Das pflanzlich gegerbte Rindsleder und das Birkenholz legen den Fokus auf die natürliche Schönheit der Materialien. Sie sind körpernah und warm, sie wirken lebendig. Es erfolgt eine Personifizierung durch die Nutzung. Spuren der Zeit werden auf dem Leder sichtbar und machen jeden Hocker einzigartig. Zudem lassen sich der Bezug sowie auch alle anderen Teile austauschen. Aktuell ist eine Veggie-Variante aus Leinengewebe in Planung. Die Transparenz des Projektes, in dessen Rahmen der Hocker entstanden ist, ermöglicht den direkten Kontakt zum Hersteller bei Reparatubedarf (siehe Abschnitt Haus Brandenburg). Als Flatpack lässt sich TRAB gut lagern, transportieren und verschicken. Im zerlegten Zustand passt dieser in einen herkömmlichen Jutebeutel.

Den Korpus fertigt Victoria Einrichtungen in Bad Belzig, nicht weit von dort in Treuenbrietzen verarbeitet die Sattlerei Mauer das Leder. In naher Zukunft wird TRAB über soucisans.com vertrieben.

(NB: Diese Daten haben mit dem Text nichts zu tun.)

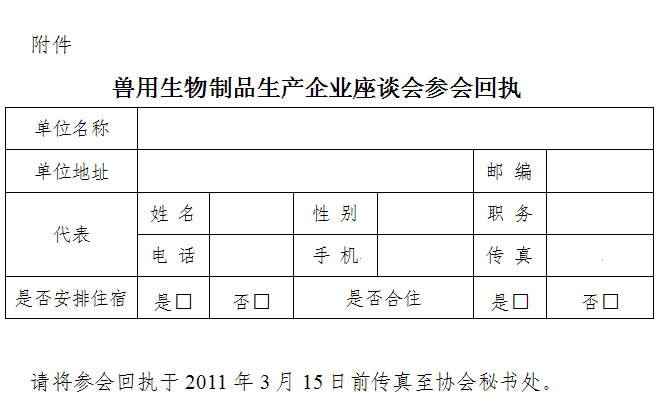 各重大动物疫病疫苗定点生产企业: 为进一步增强我国兽用生物制品生产企业诚信自律意识,建立自律机制,规范经营行为,保障行业安全,维护行业整体利益。中国动物保健品协会邀请重大动物疫病疫苗定点生产企业负责人举办座谈会,共同探讨规范我国兽用生物制品市场秩序的具体措施。会议具体安排如下: 一、会议时间 二、会议地点 北京湖北大厦三峡厅;总 机:010-62172288 北京市海淀区中关村南大街36号 三、会议内容 1.    探讨构建我国重大动物疫病疫苗市场公平、有序竞争机制 2.    探讨我国兽用生物制品的行业安全相关问题 四、参会人员 各重大动物疫病疫苗定点生产企业负责人 五、会议费用 会务费、餐费由协会负责,住宿费、交通费自理 六、乘车路线 1.首都机场:乘机场大巴-友谊宾馆-乘出租车至湖北大厦; 2.北京西站:乘320、319、695、特4、特6路公交至中央民族大学下车; 3.北京站:乘地铁2号线至西直门,换乘地铁4号线至国家图书馆站,B出口北行 七、联系方式 联系人:黄逢春   杨薇 电  话:010-62103997   010-62103991-612 Email:cahpahy@cahpa.org.cn 附件:兽用生物制品生产企业座谈会参会回执                             二〇一一年三月三日  |

Entstanden ist der Entwurf im Rahmen des „Haus Brandenburg“, einer Initiative der Fachhochschule Potsdam. Als Mitinitiatorin von „Haus Brandenburg“ entwickelte ich die Plattform mit und agierte zeitgleich auf ihr als Gestalterin. Anders als in vorherigen Entwurfsprojekten wendeten wir uns nicht mit einem Entwurf an den Hersteller, damit dieser ihn dann im besten Falle produzierte – nein, wir lernten die Handwerker kennen, ihre Fähigkeiten und Persönlichkeiten, wir bekamen einen Einblick in ihre Spezialisierungen und die Ausstattung ihrer Werkstätten. Erst dann entwarfen wir in stetigem Austausch mit ihnen die Objekte, die das Haus Brandenburg bereits auf zahlreichen Ausstellungen der Öffentlichkeit zeigen konnte. Der Austausch mit den Herstellern des Hockers ließ mich die Leidenschaft für das Material spüren und erleben, mit welcher Hingabe sie das Material bearbeiten und die Erfahrung der jahrelangen Auseinandersetzung jeden Handgriff gefestigt hatte.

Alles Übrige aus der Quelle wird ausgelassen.